Samples from 10 EC, 10 CP, 5 HAART treated and 5 HIV negative patients were examined. “Fresh” and “old” CD8s were used as effectors in viral inhibition assays. HIV-specific CD8s were quantified using tetramer staining. Annexin V binding was used to evaluate apoptosis.

Results

Using “old” CD8s inhibition capacity was higher among EC compared to CP (logP24 reduction 1.225 vs 0.238, p=0.044). For both EC and CP inhibition was much stronger using “fresh” CD8s, but no significant difference was found between EC and CP (logP24 reduction: 3.13 vs 3.85, p=0.29). HIV negative subjects showed no inhibition using “fresh” or “old” CD8s. IL-2 partially rescued antiviral capacity of rested CD8s. Loss of HIV-specific CD8s measured by tetramer staining was higher in CP compared to EC with up to 10-fold increase in Annexin V binding.

Conclusion

HIV-specific CD8s from CP are endowed with an unexpectedly strong viral inhibition capacity when examined directly ex vivo.

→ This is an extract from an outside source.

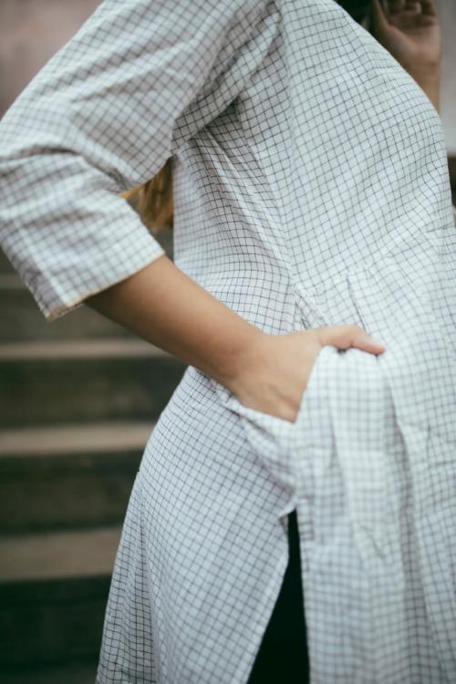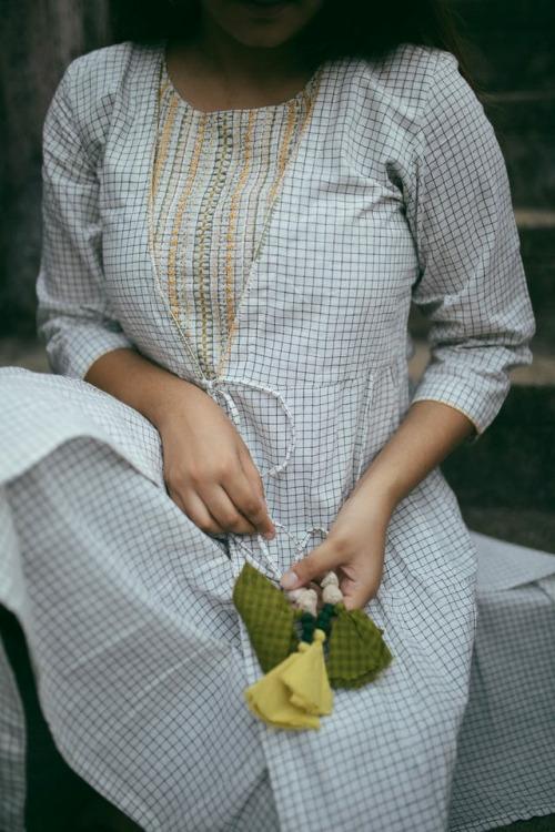 this kurta in pleasing checked white colour fabric has two layers for the front and has traditional embroidery on the yoke in subtle colours. it also has beautiful tassles in matching colours made of upcycled fabric.

CD8s from EC and CP mediated similar HIV suppression directly ex vivo, while the superior antiviral activity of CD8s from EC after a 3d incubation was associated with better survival of HIV-specific CD8s. The capacity to survive and exert effector functions over extended periods, rather than the intrinsic antiviral capacity, best distinguishes CD8s from EC and CP.